Table 5. Regression results of SOE and non-SOE.

The third column in the table shows that the interaction term coefficient is significantly negative. A negative value means that when assets and liabilities increase by one unit, the R&D intensity of the private enterprise is 0.0002 units higher than that of the state-owned enterprise. This is consistent with the literature that non-SOE has stronger motivation to engage in innovation activity (Hart, Shleifer, & Vishny, 1997). In state-owned enterprises, due to the serious problems of principal-agent and soft budget constraints, managers of SOEs tend to pursue the goal of maximizing personal benefits during their office. Then, the investment projects which can bring the profits in the short term and show the achievements will become the rational choice of the managers of SOE, while the innovation investment projects which cannot get the returns during their tenure will lack the investment incentives (Wu, 2012).

4. Concluding Remark

On the one hand, in modern business world, the innovation ability of a firm has been closely connected with the core competence. Meanwhile, the amount of R&D investment determines how fast the growth rate of innovation ability could be. On the other hand, apart from internal cash flow generated from a company’s daily operations, debt and equity financing are the primary financing resources that support the engagement of innovation activity. Therefore, this paper concentrates on determining how a company’s capital structure affects R&D strength.
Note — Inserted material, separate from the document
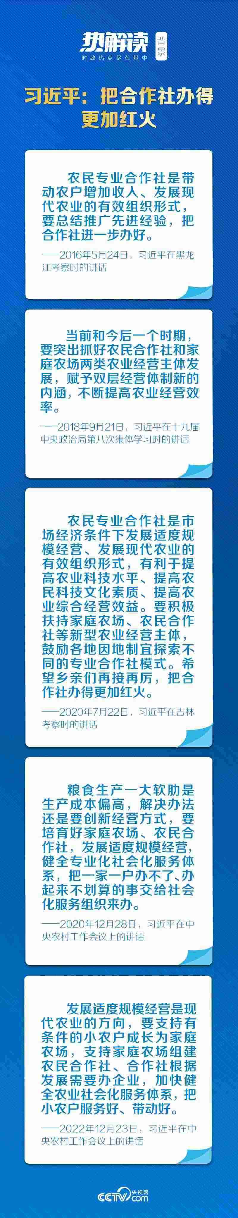 合作社是市場經(jīng)濟條件下發(fā)展適度規(guī)模經(jīng)營和現(xiàn)代農(nóng)業(yè)的有效組織形式。黨的十八大以來,總書記不止一次走進(jìn)合作社,關(guān)切農(nóng)業(yè)、農(nóng)村發(fā)展,思考中國特色的農(nóng)業(yè)現(xiàn)代化之路。

This issue has been analyzed from three perspectives. Firstly, this paper starts from the comparison of China and US, because the financing environment in these two countries significantly differ and the American capital market is one of the most important and mature markets in the world, which is suitable to be the reference object (Nadiri & Mamuneas, 1991). From the regression results, we found that the asset-to-liability ratio was associated with negative R&D intensity in two countries that met hypothesis 1 presented earlier and the dominant theory of the problem. In other words, the increase in debt would reduce the willingness of a company to innovate. In addition, the comparison result of US and China suggests that this negative relationship would be weakened in China.

Hypothesis 2 is presented under the background of share split reform. Before this reform, a large proportion of shares are non-tradable shares, which restricts the healthy development of Chinese equity market (Guo, Dai, & Lien, 2015; Liao et al., 2014). With the introduction of split share reform, more and more listed companies finish this transformation and become tradable. Additionally, tradable shares generate and aggravate the short-term trade of small investors aiming at capital gain which is contradictory to the long-term R&D investment. Based on this point, a dummy variable is introduced in the previous equation. The result shows that the existence of tradable shares increases the R&D intensity, ceteris paribus.

The result of hypothesis 3 is fitted with the expected conclusion. The relationship between capital structure and R&D intensity is not only negatively related but also differs between different enterprise styles. The R&D intensity of private enterprises is less related to the negative capital structure than that of state-owned enterprises.

Conflicts of Interest

The author declares no conflicts of interest regarding the publication of this paper.